Beck’s suggests starting with its Practical Farm Research. Though PFR has been a hallmark of the company for years, Beck’s stepped up its investment in the program recently.

Beck’s now has PFR testing locations in five states: Indiana, Ohio, Kentucky, Illinois and Iowa. Recently, Ryan McAllister, PFR director, developed a concept called PFR Proven. If a product or practice has been tested in PFR and found to provide yield gains, and averages a positive return on investment over a minimum of three years, it earns the status of PFR Proven.    

More than gimmick
PFR Proven is more than a sales gimmick. Beck’s produces a book of PFR results each year and makes it available free to any farmer, customer or not. This year’s book was just shy of 400 pages. The information is also posted online.

McAllister and his staff took things one step further this year. That final step is what sets this idea apart and gives it value, no matter whose seed you plant.

For each PFR Proven product, Beck’s calculates the price of the crop needed in each of the three years of testing for the product to break even. If the actual crop price was higher than that price, the product would have returned profit.

McAllister places each product for each crop on a graph. Price per bushel for the crop is on the vertical axis. Type of product runs along the horizontal axis. 

Here’s an example. Amplify-D from Conklin is a seed emergence aid mixed in the seed box at planting. Farmers wanted to know if it worked. Beck’s tested it for four years, and it qualified as a PFR Proven product.

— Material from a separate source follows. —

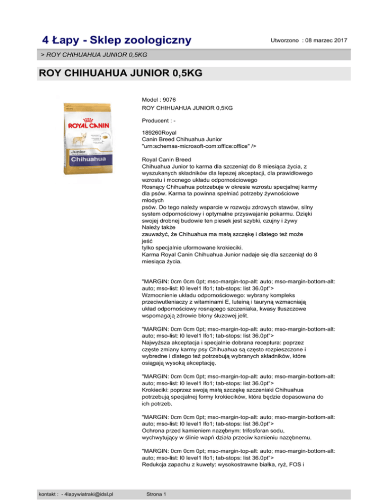 4 Łapy - Sklep zoologiczny Utworzono : 08 marzec 2017 > ROY CHIHUAHUA JUNIOR 0,5KG ROY CHIHUAHUA JUNIOR 0,5KG Model : 9076 ROY CHIHUAHUA JUNIOR 0,5KG Producent : 189260Royal Canin Breed Chihuahua Junior "urn:schemas-microsoft-com:office:office" /> Royal Canin Breed Chihuahua Junior to karma dla szczeniąt do 8 miesiąca życia, z wyszukanych składników dla lepszej akceptacji, dla prawidłowego wzrostu i mocnego układu odpornościowego Rosnący Chihuahua potrzebuje w okresie wzrostu specjalnej karmy dla psów. Karma ta powinna spełniać potrzeby żywnościowe młodych psów. Do tego należy wsparcie w rozwoju zdrowych stawów, silny system odpornościowy i optymalne przyswajanie pokarmu. Dzięki swojej drobnej budowie ten piesek jest szybki, czujny i żywy Należy także zauważyć, że Chihuahua ma małą szczękę i dlatego też może jeść tylko specjalnie uformowane krokieciki. Karma Royal Canin Chihuahua Junior nadaje się dla szczeniąt do 8 miesiąca życia. "MARGIN: 0cm 0cm 0pt; mso-margin-top-alt: auto; mso-margin-bottom-alt: auto; mso-list: l0 level1 lfo1; tab-stops: list 36.0pt"> Wzmocnienie układu odpornościowego: wybrany kompleks przeciwutleniaczy z witaminami E, luteiną i tauryną wzmacniają układ odpornościowy rosnącego szczeniaka, kwasy tłuszczowe wspomagają zdrowie błony śluzowej jelit. "MARGIN: 0cm 0cm 0pt; mso-margin-top-alt: auto; mso-margin-bottom-alt: auto; mso-list: l0 level1 lfo1; tab-stops: list 36.0pt"> Najwyższa akceptacja i specjalnie dobrana receptura: poprzez częste zmiany karmy psy Chihuahua są często rozpieszczone i wybredne i dlatego też potrzebują wybranych składników, które osiągają wysoką akceptację. "MARGIN: 0cm 0cm 0pt; mso-margin-top-alt: auto; mso-margin-bottom-alt: auto; mso-list: l0 level1 lfo1; tab-stops: list 36.0pt"> Krokieciki: poprzez swoją małą szczękę szczeniaki Chihuahua potrzebują specjalnej formy krokiecików, która będzie dopasowana do ich potrzeb. "MARGIN: 0cm 0cm 0pt; mso-margin-top-alt: auto; mso-margin-bottom-alt: auto; mso-list: l0 level1 lfo1; tab-stops: list 36.0pt"> Ochrona przed kamieniem nazębnym: trifosforan sodu, wychwytujący w ślinie wapń działa przeciw kamieniu nazębnemu. "MARGIN: 0cm 0cm 0pt; mso-margin-top-alt: auto; mso-margin-bottom-alt: auto; mso-list: l0 level1 lfo1; tab-stops: list 36.0pt"> Redukcja zapachu z kuwety: wysokostrawne białka, ryż, FOS i kontakt : - [email protected] Strona 1 4 Łapy - Sklep zoologiczny Utworzono : 08 marzec 2017 > ROY CHIHUAHUA JUNIOR 0,5KG ROY CHIHUAHUA JUNIOR 0,5KG kompleks EPA / DHA minimalizują ilość niestrawionego pokarmu i redukują zapach z kuwety, a także ilość odchodów SKŁAD: suszone białko drobiowe, ryż, tłuszcze zwierzęce, kukurydza, izolat białka roślinnego*, pulpa buraczana, hydrolizat białka zwierzę "lr83y7j4">cego, sole mineralne, olej sojowy, olej rybny, włókno roślinne, fruktooligosacharydy, wyciąg z drożdży (źródło mannooligosacharydów), wyciąg z aksamitki wzniesionej (źródło luteiny). DODATKI (na 1 kg karmy): Dodatki dietetyczne: Witamina A: 28000 UI, Witamina D3: 700 UI, E1 (Żelazo): 48 mg, E2 (Jod): 4,8 mg, E4 (Miedź): 9 mg, E5 (Mangan): 62 mg, E6 (Cynk): 187 mg, E8 (Selen): 0,11 mg - Dodatki technologiczne: Trifosforan pentasodu: 3,5 g Konserwanty - Przeciwutleniacze. SKŁADNIKI ANALITYCZNE: Białko surowe: 30% - Oleje i tłuszcze surowe: 20% - Popiół surowy: 6,6% - Włókno surowe: 2%. *L.I.P.: białko wyselekcjonowane ze względu na bardzo wysoką przyswajalność. � "FONT-SIZE: 10pt">Zalecane dzienne dawki (g/dzień): "FONT-SIZE: 10pt; FONT-STYLE: normal">Należy zapewnić zwierzęciu stały dostęp do świeżej wody "BORDER-RIGHT: windowtext 1pt solid; BORDER-TOP: windowtext 1pt solid; BORDER-LEFT: windowtext 1pt solid; BORDER-BOTTOM: windowtext 1pt solid; mso-cellspacing: 1.5pt; mso-border-alt: solid windowtext .5pt; mso-border-insideh: .5pt solid windowtext; mso-border-insidev: .5pt solid windowtext" cellpadding="0" border="1"> "BORDER-RIGHT: windowtext 1pt solid; PADDING-RIGHT: 0.75pt; BORDER-TOP: windowtext 1pt solid; PADDING-LEFT: 0.75pt; PADDING-BOTTOM: 0.75pt; BORDER-LEFT: windowtext 1pt solid; PADDING-TOP: 0.75pt; BORDER-BOTTOM: windowtext 1pt solid; BACKGROUND-COLOR: transparent; mso-border-alt: solid windowtext .5pt"> "MARGIN: 0cm 0cm 0pt; TEXT-ALIGN: center" align="center">Masa ciała psa dorosłego (kg) "BORDER-RIGHT: windowtext 1pt solid; PADDING-RIGHT: 0.75pt; BORDER-TOP: windowtext 1pt solid; PADDING-LEFT: 0.75pt; PADDING-BOTTOM: 0.75pt; BORDER-LEFT: windowtext 1pt solid; kontakt : - [email protected] Strona 2 4 Łapy - Sklep zoologiczny Utworzono : 08 marzec 2017 > ROY CHIHUAHUA JUNIOR 0,5KG ROY CHIHUAHUA JUNIOR 0,5KG PADDING-TOP: 0.75pt; BORDER-BOTTOM: windowtext 1pt solid; BACKGROUND-COLOR: transparent; mso-border-alt: solid windowtext .5pt"> "MARGIN: 0cm 0cm 0pt; TEXT-ALIGN: center" align="center">1 kg "BORDER-RIGHT: windowtext 1pt solid; PADDING-RIGHT: 0.75pt; BORDER-TOP: windowtext 1pt solid; PADDING-LEFT: 0.75pt; PADDING-BOTTOM: 0.75pt; BORDER-LEFT: windowtext 1pt solid; PADDING-TOP: 0.75pt; BORDER-BOTTOM: windowtext 1pt solid; BACKGROUND-COLOR: transparent; mso-border-alt: solid windowtext .5pt"> "MARGIN: 0cm 0cm 0pt; TEXT-ALIGN: center" align="center">2 kg "BORDER-RIGHT: windowtext 1pt solid; PADDING-RIGHT: 0.75pt; BORDER-TOP: windowtext 1pt solid; PADDING-LEFT: 0.75pt; PADDING-BOTTOM: 0.75pt; BORDER-LEFT: windowtext 1pt solid; PADDING-TOP: 0.75pt; BORDER-BOTTOM: windowtext 1pt solid; BACKGROUND-COLOR: transparent; mso-border-alt: solid windowtext .5pt"> "MARGIN: 0cm 0cm 0pt; TEXT-ALIGN: center" align="center">3 kg "BORDER-RIGHT: windowtext 1pt solid; PADDING-RIGHT: 0.75pt; BORDER-TOP: windowtext 1pt solid; PADDING-LEFT: 0.75pt; BACKGROUND: #b6b6b3; PADDING-BOTTOM: 0.75pt; BORDER-LEFT: windowtext 1pt solid; PADDING-TOP: 0.75pt; BORDER-BOTTOM: windowtext 1pt solid; mso-border-alt: solid windowtext .5pt"> 1 miesiąc "BORDER-RIGHT: windowtext 1pt solid; PADDIN

McAllister placed a green dot at the price corn would have to be for Amplify-D to pay off for each year. All four dots fall in a narrow band from about 50 cents per bushel to about $1.25 per bushel.

Obviously, unbiased data says the product pays. How much it pays and whether you are set up to mix in a seed treatment are other questions.

Sometimes dots are much farther apart. Occasionally, in one of the minimum three years of testing, the price required to break even is higher than the corn price that year.

It’s a different way to think about which products or practices you could live without, and which ones you should keep. What price per bushel do you need, based on valid data, to break even? If it’s fairly low, the product or practice may be worth keeping even with tight budgets.